#### [Provided information]
========================

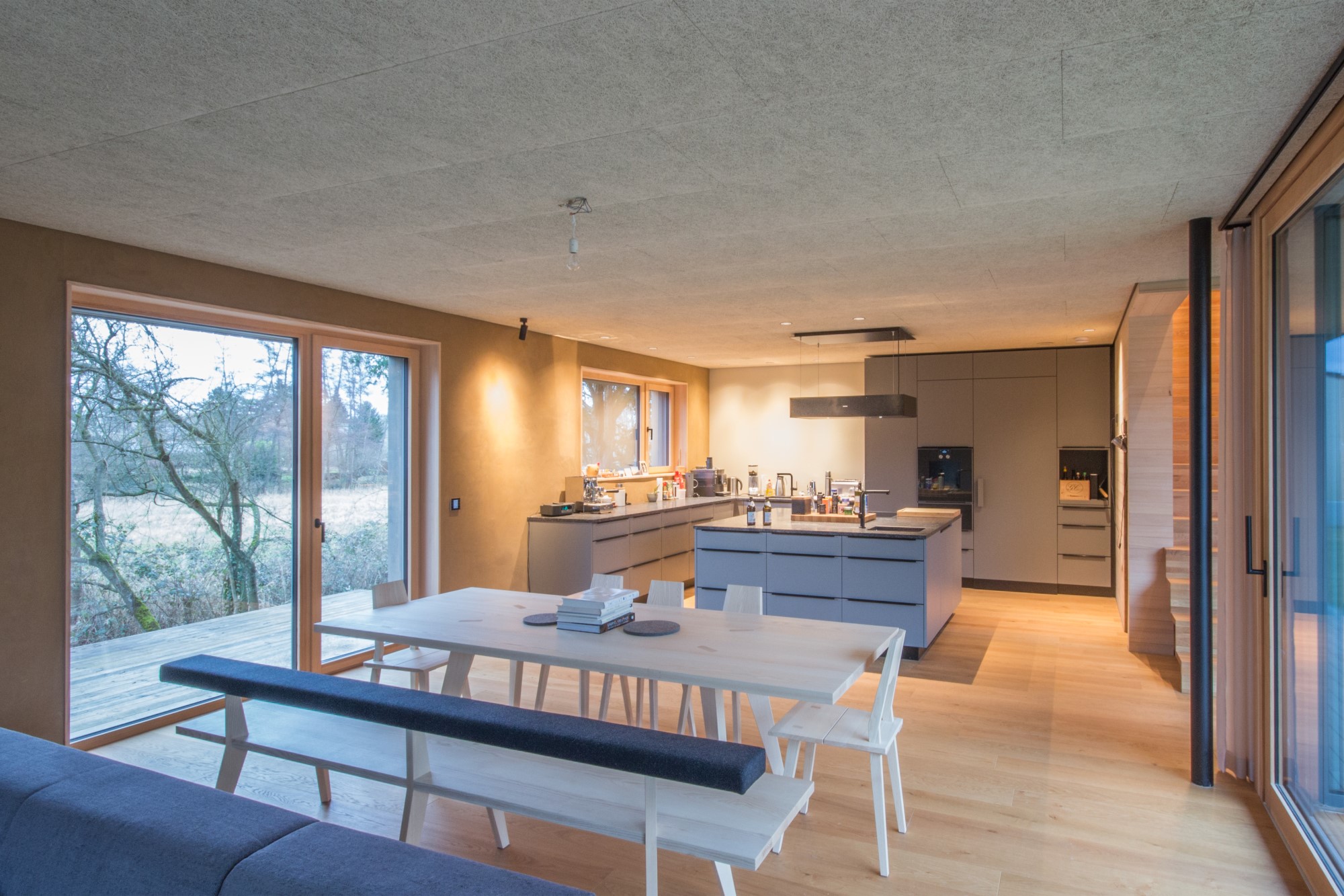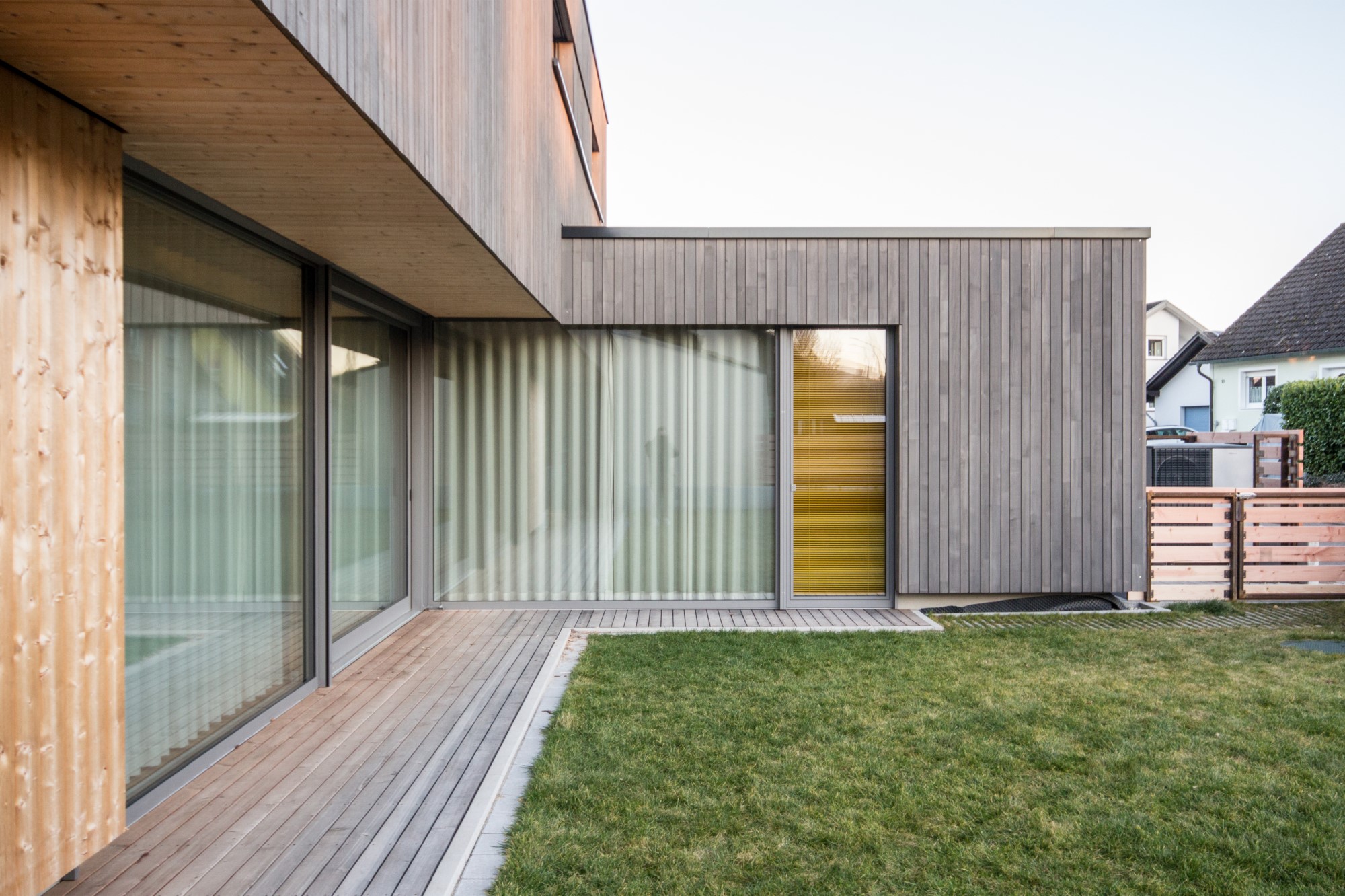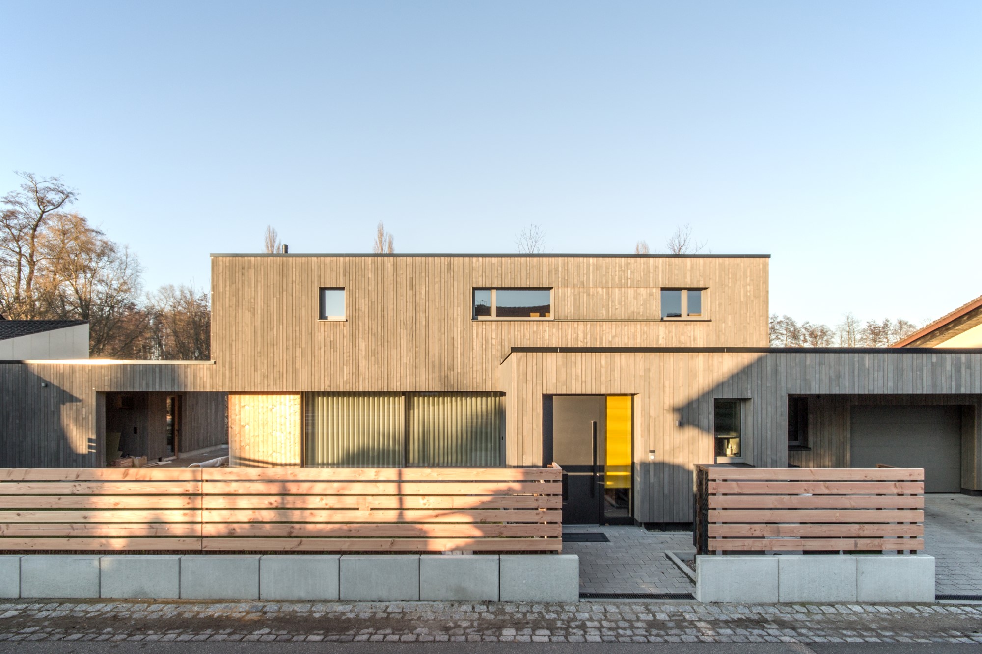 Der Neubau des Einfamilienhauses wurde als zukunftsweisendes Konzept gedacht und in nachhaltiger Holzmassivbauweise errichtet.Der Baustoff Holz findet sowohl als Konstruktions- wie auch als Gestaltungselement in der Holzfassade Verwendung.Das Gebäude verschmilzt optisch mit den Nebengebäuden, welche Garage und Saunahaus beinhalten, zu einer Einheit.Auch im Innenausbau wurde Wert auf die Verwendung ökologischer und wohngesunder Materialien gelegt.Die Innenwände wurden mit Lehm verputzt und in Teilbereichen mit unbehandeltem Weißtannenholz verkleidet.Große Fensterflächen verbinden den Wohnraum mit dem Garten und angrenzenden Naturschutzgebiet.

========================

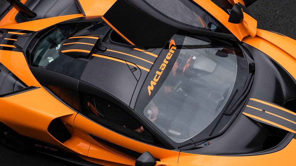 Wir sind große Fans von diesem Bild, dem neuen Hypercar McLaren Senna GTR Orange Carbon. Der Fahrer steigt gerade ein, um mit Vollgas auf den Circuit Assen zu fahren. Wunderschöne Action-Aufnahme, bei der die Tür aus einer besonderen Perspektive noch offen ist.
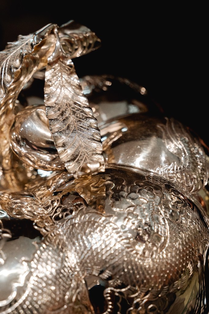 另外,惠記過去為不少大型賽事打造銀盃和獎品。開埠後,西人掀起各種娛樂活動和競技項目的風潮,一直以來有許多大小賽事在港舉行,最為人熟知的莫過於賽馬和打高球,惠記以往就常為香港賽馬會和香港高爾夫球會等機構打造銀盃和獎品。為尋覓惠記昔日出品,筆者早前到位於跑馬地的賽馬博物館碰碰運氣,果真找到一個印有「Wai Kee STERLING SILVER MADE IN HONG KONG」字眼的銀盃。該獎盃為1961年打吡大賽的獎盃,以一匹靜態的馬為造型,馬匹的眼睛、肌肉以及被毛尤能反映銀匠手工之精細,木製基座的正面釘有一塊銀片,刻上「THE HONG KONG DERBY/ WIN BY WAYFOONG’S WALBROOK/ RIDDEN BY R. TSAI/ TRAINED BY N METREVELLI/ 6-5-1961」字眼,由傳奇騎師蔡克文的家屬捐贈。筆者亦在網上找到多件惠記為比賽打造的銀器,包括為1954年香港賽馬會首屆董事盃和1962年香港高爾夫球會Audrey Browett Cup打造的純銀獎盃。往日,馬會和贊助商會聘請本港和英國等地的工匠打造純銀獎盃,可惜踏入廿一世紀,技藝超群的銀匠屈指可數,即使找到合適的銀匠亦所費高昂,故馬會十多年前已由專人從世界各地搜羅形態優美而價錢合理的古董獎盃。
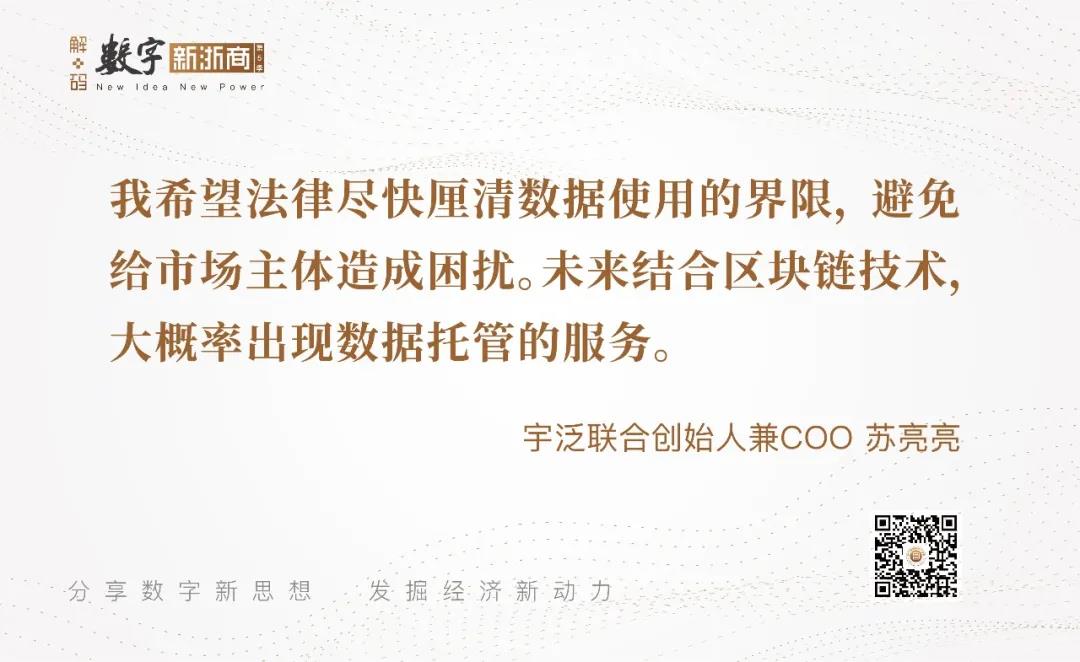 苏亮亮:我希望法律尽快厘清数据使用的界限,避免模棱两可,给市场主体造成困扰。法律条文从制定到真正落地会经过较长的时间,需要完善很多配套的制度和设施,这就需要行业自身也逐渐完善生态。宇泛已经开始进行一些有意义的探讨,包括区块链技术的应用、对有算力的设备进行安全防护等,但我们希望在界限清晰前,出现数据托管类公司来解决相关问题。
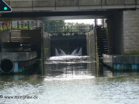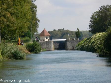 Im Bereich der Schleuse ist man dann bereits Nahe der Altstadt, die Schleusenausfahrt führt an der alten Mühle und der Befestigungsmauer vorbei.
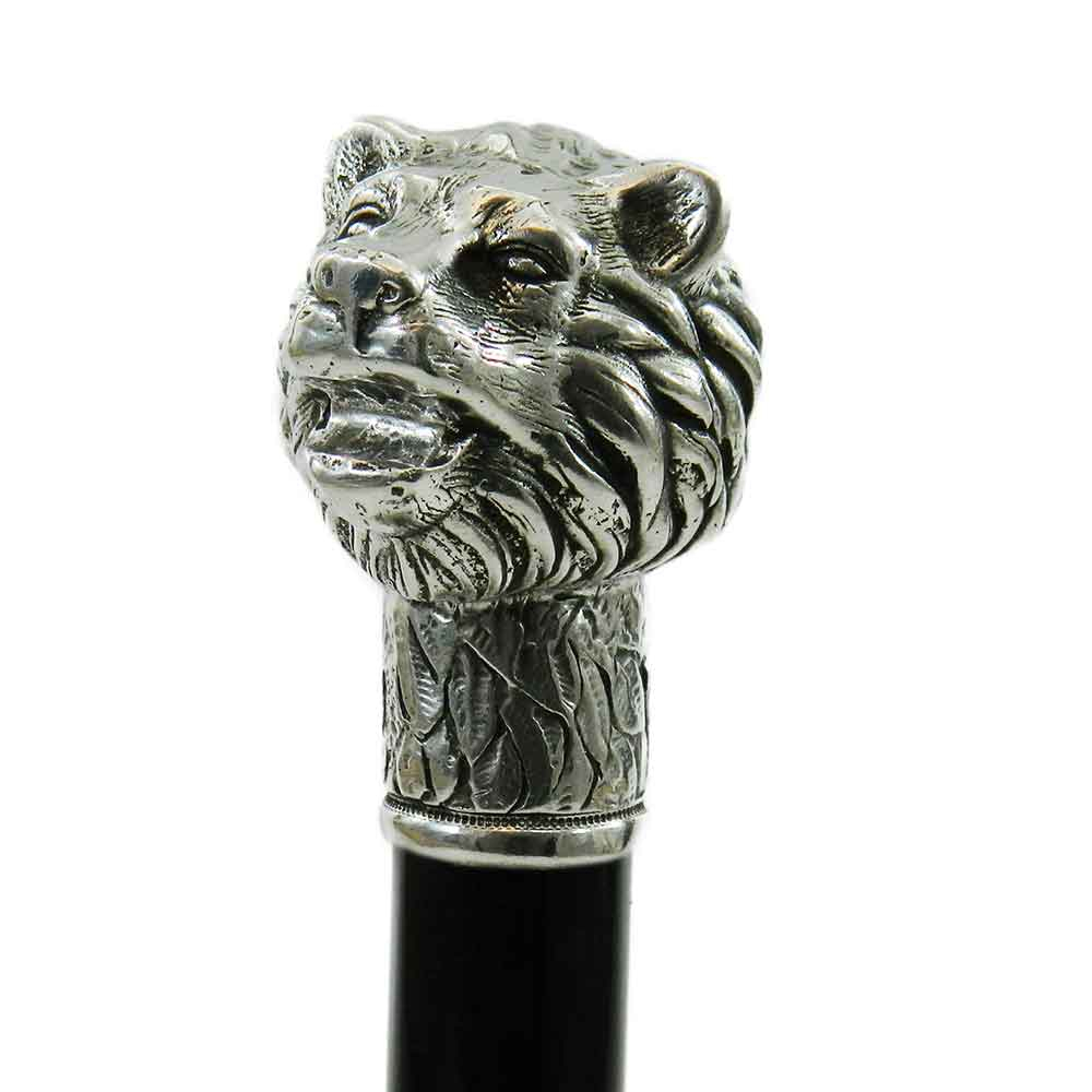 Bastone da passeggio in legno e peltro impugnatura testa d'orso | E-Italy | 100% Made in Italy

========================

#### [Work to be completed]
Repeat exactly the lines above, from the line that contains "Im Bereich der" down through the line that contains "Bastone da passeggio". Include both of those lines and none of the pictures.

#### [Solution to this task]
 Im Bereich der Schleuse ist man dann bereits Nahe der Altstadt, die Schleusenausfahrt führt an der alten Mühle und der Befestigungsmauer vorbei.
 Bastone da passeggio in legno e peltro impugnatura testa d'orso | E-Italy | 100% Made in Italy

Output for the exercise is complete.